As Johnny's t-bird closed on mine, his turret turned on us and opened fire. Giant sparks flew, and the aircraft shuddered slightly to the right as the autocannon slugs strafed down the left flank. I felt a sharp pain in my left arm as one of the slugs penetrated through the armor on the canard and struck a circuit box.

"JOHNNY! WHAT THE HELL ARE YOU DOING?!?" I screamed. Phil swung the turret to return fire, but his shots went low and whizzed underneath the belly of the Banshee.

"I can't get a good fix on 'im, Jo-girl!" yelled Phil through the intercom. "His ECM must be jamming our sensors!"

"He damaged one of the control circuits for the port flaps, but it's not serious." I fought to keep the t-bird under control. I could keep flying straight, but right turns were going to be a slitch. "Phil, if I can get behind him, think you can disable his engines and force him down in one piece?"

"I'll try, but it's gonna be- what's he doing now?!?" As Phil shouted out in confusion, the turret on Johnny's t-bird snapped forward and let out a long burst at the two thunderbirds. The flurry of rounds flitted through the air between the two critters, but the t-bird made no effort to walk the fire towards either one of them. As soon as it had their attention, the t-bird launched a flare, momentarily blinding my Low-Light vision. Although I couldn't see, the radar tracked the craft as it ducked into a side valley and hightailed out.

"He hosed us, Phil," I said. "He riled up those two thunderbirds and then popped a flare to screen his escape. Those two birds will think we shot them and come after us."

"Jo-girl, look out!" One of the thunderbirds swooped above the aircraft. The tip of one wing brushed against the side, and sparks flew from incidental contact. I yelped in pain as a simsense spike shot through my head.

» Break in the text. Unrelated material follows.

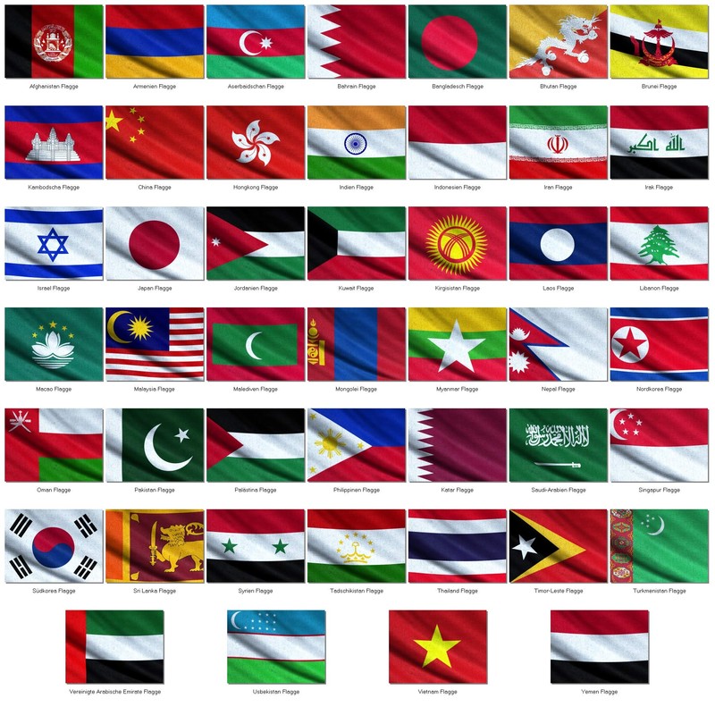 Choose your favourite design in the online configurator: Afghanistan, Armenia, Azerbaijan, Bahrain, Bangladesh, Bhutan, Brunei, Cambodia, China, Hong Kong, India, Indonesia, Iran, Iraq, Israel, Japan, Jordan, Kuwait, Kyrgyzstan, Laos, Lebanon, Macao, Malaysia, Malei. mongolelei, Myanmar, Nepal, North Korea, Oman, Pakistan, Palestine, Philippines, Qatar, Saudi Arabia, Singapore, South Korea, Sri Lanka, Syria, Tajikistan, Thailand, Timor-Leste, Turkmenistan, United Arab Emirates, Uzbekistan, Vietnam, Yemen flag.

The other thunderbird rose high into the sky and joined the tips of its wings together. Lightning bolts crackled from the wingtips as an electrical aura began to form around the bird. As the bird parted its wings, the aura burst, and a torrent of lightning roared towards us.

I tensed as the lightning storm overwhelmed the craft. Many of the bolts crackled harmlessly past. One struck us, but the electricity seemed to wash over. Little sparks popped as the lightning crossed over some rough surfaces, and I felt sharp pinpricks on random parts of my body as ASIST spikes pulsed across the simsense. As quickly as the electrical torrent had arrived, it passed us by.

I blinked in surprise that we survived mostly unscathed. "Phil…?"

Phil was breathing heavily into the mike. "Spell defense. Never tried that against a critter. Get us outta here-I need to catch my breath."